(Beginning of Given records)

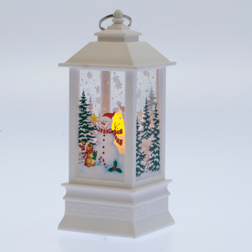 Настольный праздничный светильник ЭРА EGNDS-06 "Снеговик" (арт. Б0051940) высотой 20 см создаст дома невероятную новогоднюю атмосферу! Корпус светильника-фонаря выполнен из белого ПВХ, имеет на стеклах симпатичный рисунок снеговика в зимнем снежном лесу, а внутри расположена светодиодная лампочка с теплым светом, имитирующая свечу. Фонарик работает от 3 батареек ААА, степень защиты IP20 (рекомендуется использовать в помещениях). Этот декоративный светильник станет украшением кухни или гостиной, а еще его можно использовать в спальне в качестве ночника. Светильник станет оригинальным подарком на Новый год или Рождество, который понравится как взрослым, так и детям. Новогодний декор для дома всегда дарит ощущение праздника!
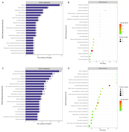 The top 20 KEGG pathways were mapped. In a neutral environment, ribosomes included the greatest number of proteins (14 proteins), followed by ABC transporters (9 proteins), biosynthesis of cofactors (7 proteins), quorum sensing (7 proteins), and two-component system (6 proteins) (Figure 9A). Among these, two pathways were enriched in terms of their effect on adapting to a neutral environment, including ribosome and quorum sensing. The detailed information for the KEGG enrichment is presented in Figure 9B.
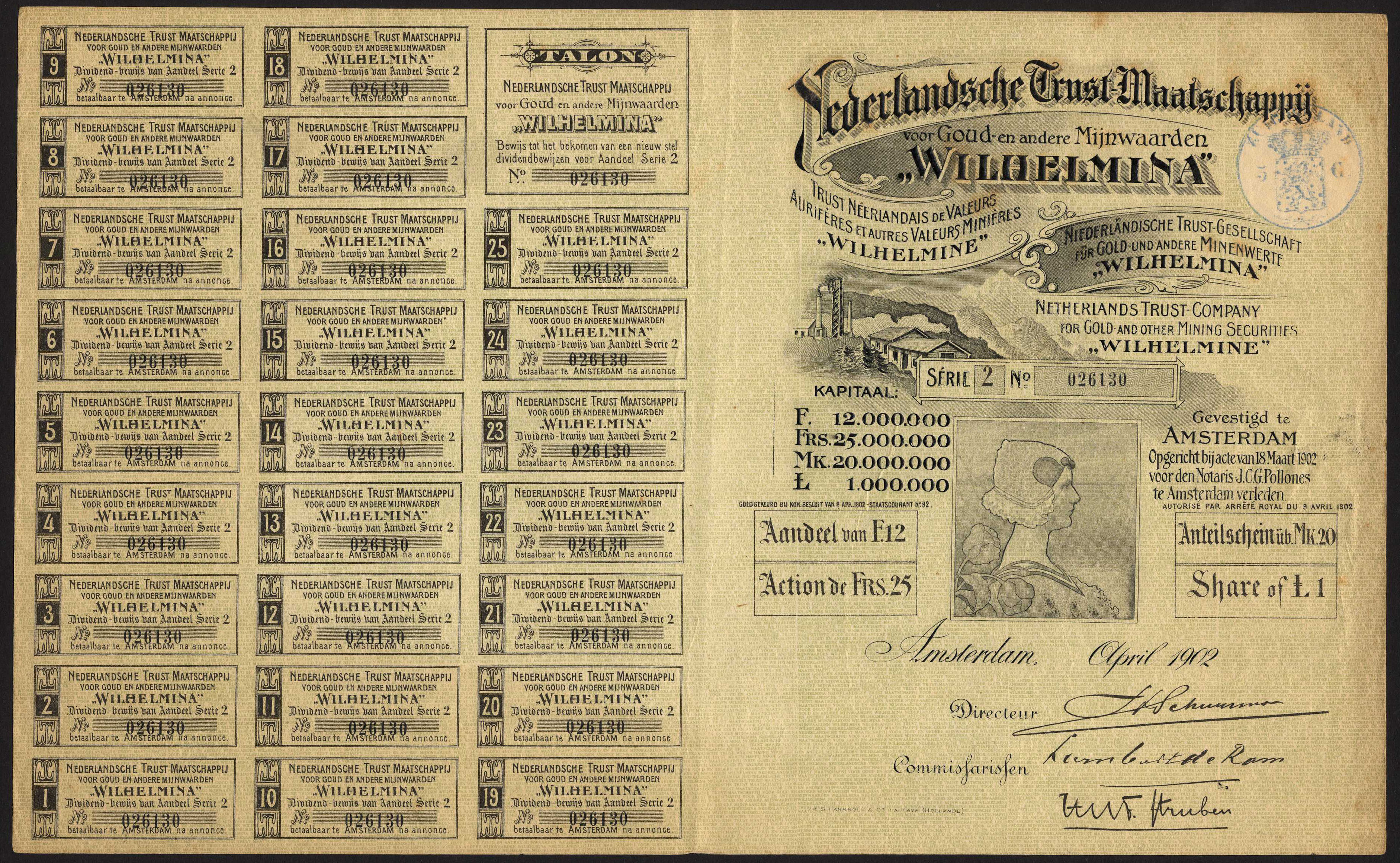 Formed in 1902 in Amsterdam. Capital 12,000,000 gulden in shares of 12 gulden.
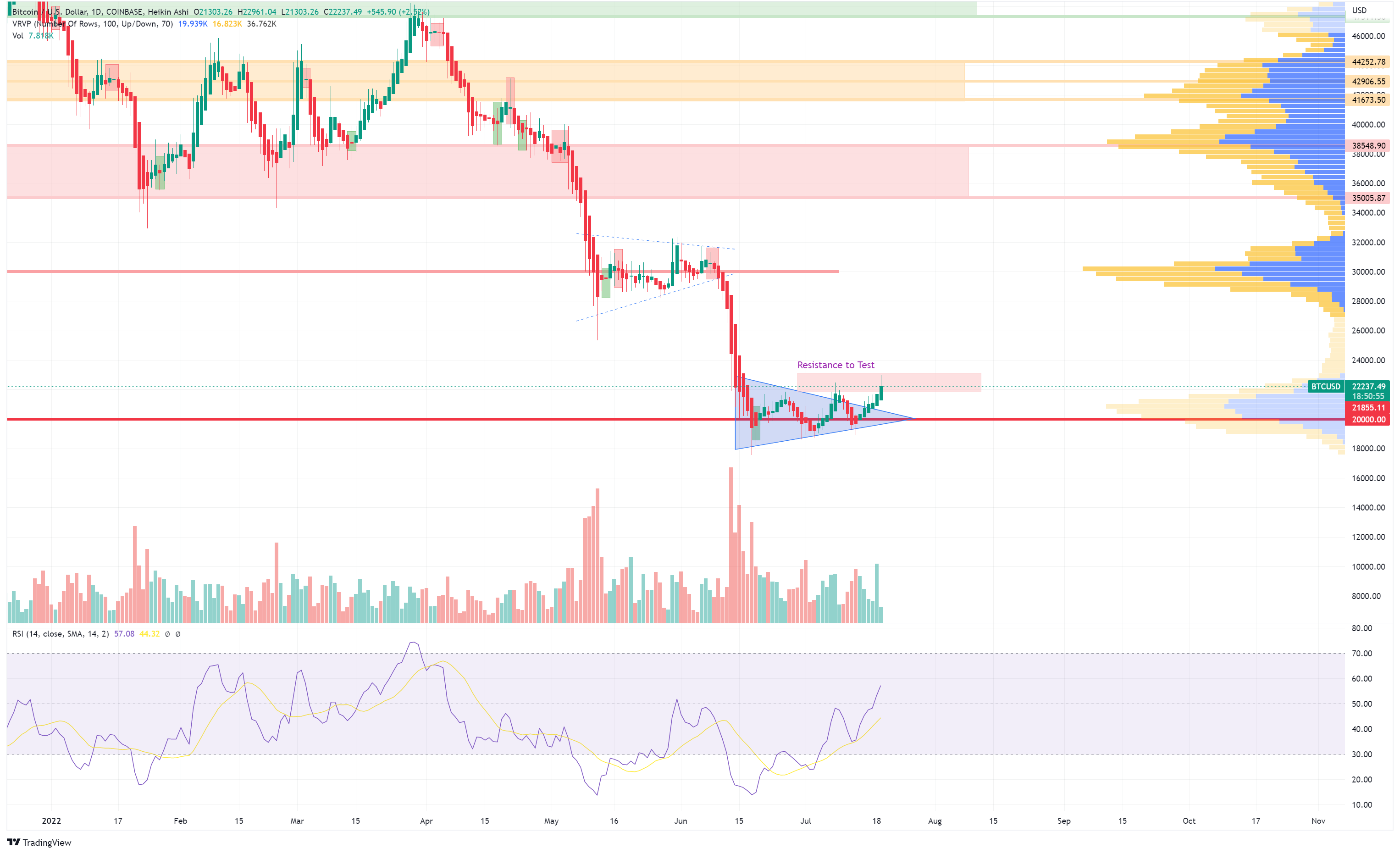 In der Zwischenzeit hat BTC/USD das Dreieck durchbrochen und testet nun erneut den Widerstand bei 23k USD. Die Heikin Ashi-Kerzen sprechen weiterhin für das Momentum und der RSI liegt immer noch unter 60 (noch nicht überkauft). BTC wird wahrscheinlich zwischen 18.5k USD - 22k USD schwanken im Falle eines Nichtüberwindens des oberen Widerstands. Andernfalls kann er bis zu 25k USD steigen. In beiden Fällen erwarte ich, dass ALTs und DeFi als Nebeneffekt der Risikobereitschaft des Marktes eine bessere Performance als BTC erzielen werden.
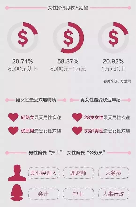日前,某婚恋网站给出调查报告显示,月入8000-10000元的男士最受欢迎,占比达58.37%,而更低或更高的都在20%左右。男性择偶喜欢会计、护士、人事行政类女性,尤其是28岁的轻熟女。女性则偏爱职业经理人、理财师、公务员等男性,特别是33岁的优质男。
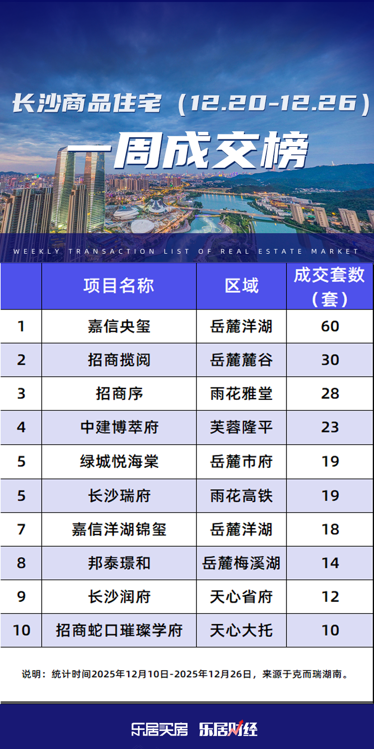 其中位于榜单前三位的分别为、岳麓区洋湖板块的嘉信央玺、岳麓区麓谷板块的招商揽阅、雨花区雅堂井湾板块的招商序,分别成交133套、19套、17套。
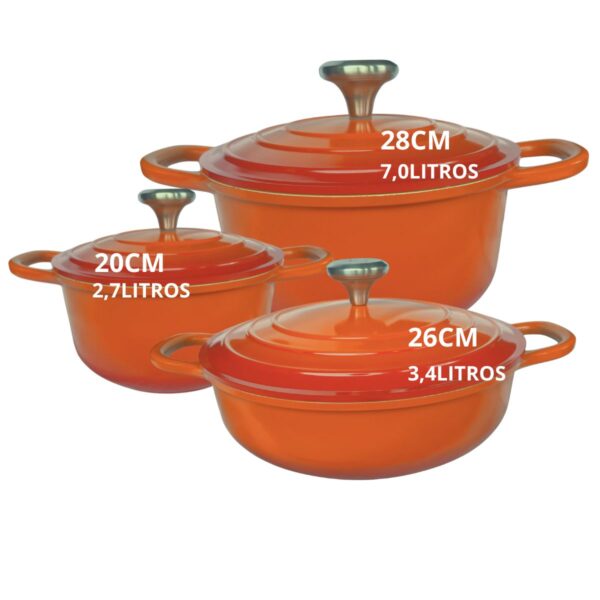 Panelas Caçarolas Cerâmica 3 peças 4mm Indução Laranja Chef Florença
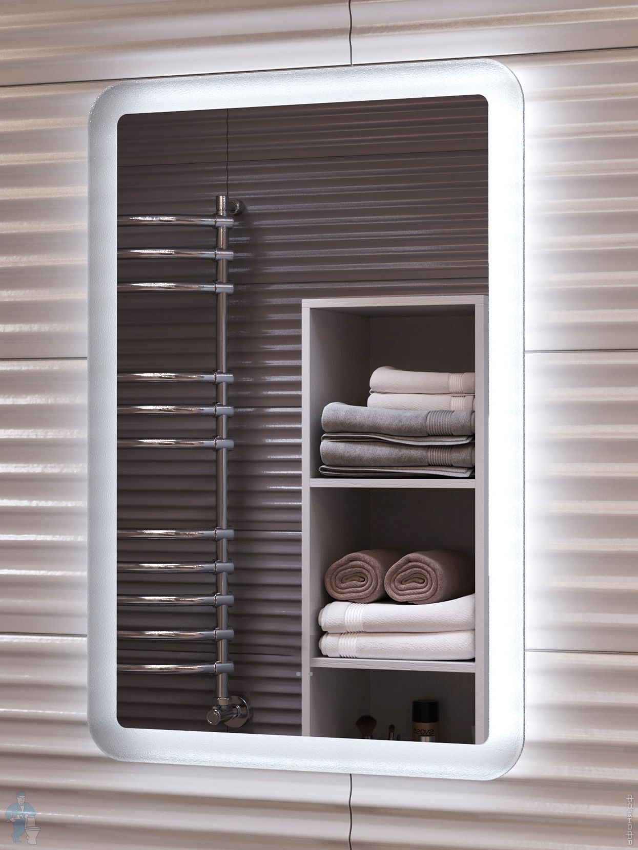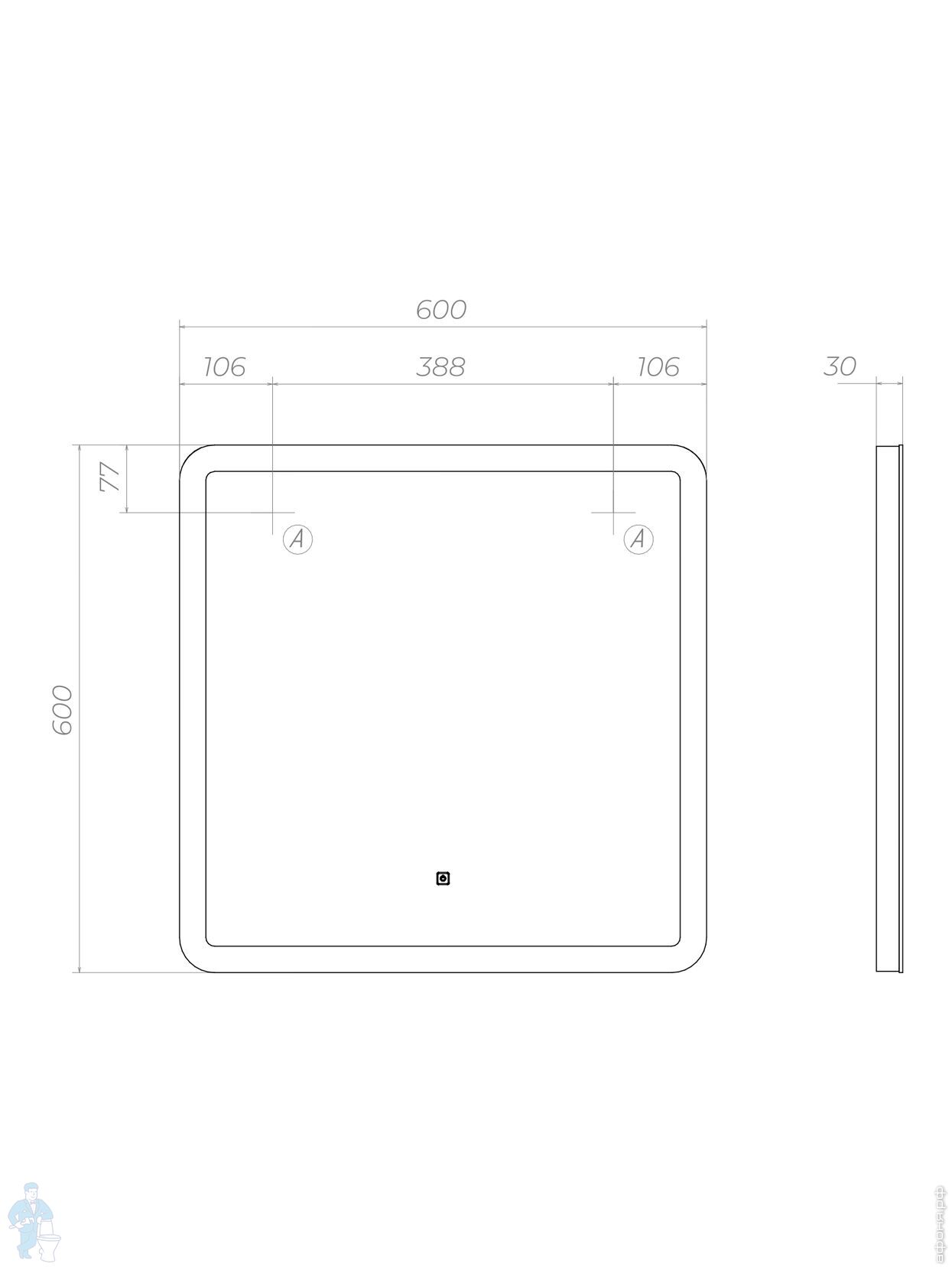 Зеркало VIGO Roberta Luxe 1000 (1000х1000) LED, бесконтактное управление, часы, подогрев, диммер 295Код: 365898
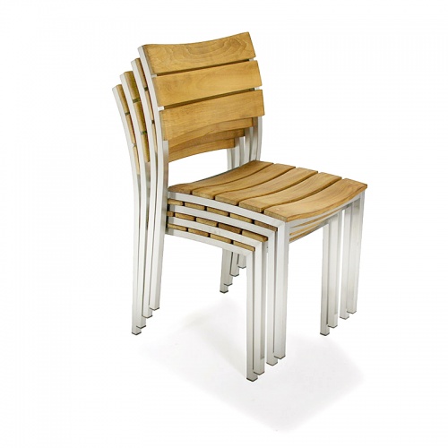 Utilizing two of the most durable materials for outdoor use, the Venezia outdoor stacking chair leverages on the beauty, strength, and durability of both teak and stainless steel components. The wide slats of its back rest and gently scooped seats provide extraordinarily comfortable seating, even without cushions! Beautifully crafted and hand sanded to a micro-smooth finish, these handsome chairs will fit nicely indoors in a contemporary kitchen or casual dining area. Chairs stack four high for easy storage. The Venezia outdoor stacking chair is made from premium eco-friendly grade A teak from renewable plantations.
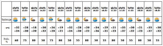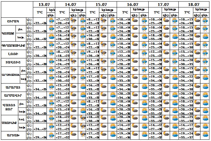 Հուլիսի 13-ի ցերեկը շրջանների զգալի մասում, 14-18-ն առանձին շրջաններում սպասվում է կարճատև անձրև և ամպրոպ, առանձին վայրերում հնարավոր է նաև կարկուտ: Քամին՝ հյուսիս-արևելյան՝ 3-8 մ/վ, ամպրոպի ժամանակ հնարավոր է քամու ուժգնացում՝ 20-25 մ/վ: Օդի ջերմաստիճանը հուլիսի 13-14-ն աստիճանաբար կնվազի 2-3 աստիճանով, 15-18-ը կբարձրանա 3-5 աստիճանով։

(End of Given records)

Task directions: Drop the images and copy all the data exactly.

Exercise solution:
 Настольный праздничный светильник ЭРА EGNDS-06 "Снеговик" (арт. Б0051940) высотой 20 см создаст дома невероятную новогоднюю атмосферу! Корпус светильника-фонаря выполнен из белого ПВХ, имеет на стеклах симпатичный рисунок снеговика в зимнем снежном лесу, а внутри расположена светодиодная лампочка с теплым светом, имитирующая свечу. Фонарик работает от 3 батареек ААА, степень защиты IP20 (рекомендуется использовать в помещениях). Этот декоративный светильник станет украшением кухни или гостиной, а еще его можно использовать в спальне в качестве ночника. Светильник станет оригинальным подарком на Новый год или Рождество, который понравится как взрослым, так и детям. Новогодний декор для дома всегда дарит ощущение праздника!
 The top 20 KEGG pathways were mapped. In a neutral environment, ribosomes included the greatest number of proteins (14 proteins), followed by ABC transporters (9 proteins), biosynthesis of cofactors (7 proteins), quorum sensing (7 proteins), and two-component system (6 proteins) (Figure 9A). Among these, two pathways were enriched in terms of their effect on adapting to a neutral environment, including ribosome and quorum sensing. The detailed information for the KEGG enrichment is presented in Figure 9B.
 Formed in 1902 in Amsterdam. Capital 12,000,000 gulden in shares of 12 gulden.
 In der Zwischenzeit hat BTC/USD das Dreieck durchbrochen und testet nun erneut den Widerstand bei 23k USD. Die Heikin Ashi-Kerzen sprechen weiterhin für das Momentum und der RSI liegt immer noch unter 60 (noch nicht überkauft). BTC wird wahrscheinlich zwischen 18.5k USD - 22k USD schwanken im Falle eines Nichtüberwindens des oberen Widerstands. Andernfalls kann er bis zu 25k USD steigen. In beiden Fällen erwarte ich, dass ALTs und DeFi als Nebeneffekt der Risikobereitschaft des Marktes eine bessere Performance als BTC erzielen werden.
日前,某婚恋网站给出调查报告显示,月入8000-10000元的男士最受欢迎,占比达58.37%,而更低或更高的都在20%左右。男性择偶喜欢会计、护士、人事行政类女性,尤其是28岁的轻熟女。女性则偏爱职业经理人、理财师、公务员等男性,特别是33岁的优质男。
 其中位于榜单前三位的分别为、岳麓区洋湖板块的嘉信央玺、岳麓区麓谷板块的招商揽阅、雨花区雅堂井湾板块的招商序,分别成交133套、19套、17套。
 Panelas Caçarolas Cerâmica 3 peças 4mm Indução Laranja Chef Florença
 Зеркало VIGO Roberta Luxe 1000 (1000х1000) LED, бесконтактное управление, часы, подогрев, диммер 295Код: 365898
 Utilizing two of the most durable materials for outdoor use, the Venezia outdoor stacking chair leverages on the beauty, strength, and durability of both teak and stainless steel components. The wide slats of its back rest and gently scooped seats provide extraordinarily comfortable seating, even without cushions! Beautifully crafted and hand sanded to a micro-smooth finish, these handsome chairs will fit nicely indoors in a contemporary kitchen or casual dining area. Chairs stack four high for easy storage. The Venezia outdoor stacking chair is made from premium eco-friendly grade A teak from renewable plantations.
 Հուլիսի 13-ի ցերեկը շրջանների զգալի մասում, 14-18-ն առանձին շրջաններում սպասվում է կարճատև անձրև և ամպրոպ, առանձին վայրերում հնարավոր է նաև կարկուտ: Քամին՝ հյուսիս-արևելյան՝ 3-8 մ/վ, ամպրոպի ժամանակ հնարավոր է քամու ուժգնացում՝ 20-25 մ/վ: Օդի ջերմաստիճանը հուլիսի 13-14-ն աստիճանաբար կնվազի 2-3 աստիճանով, 15-18-ը կբարձրանա 3-5 աստիճանով։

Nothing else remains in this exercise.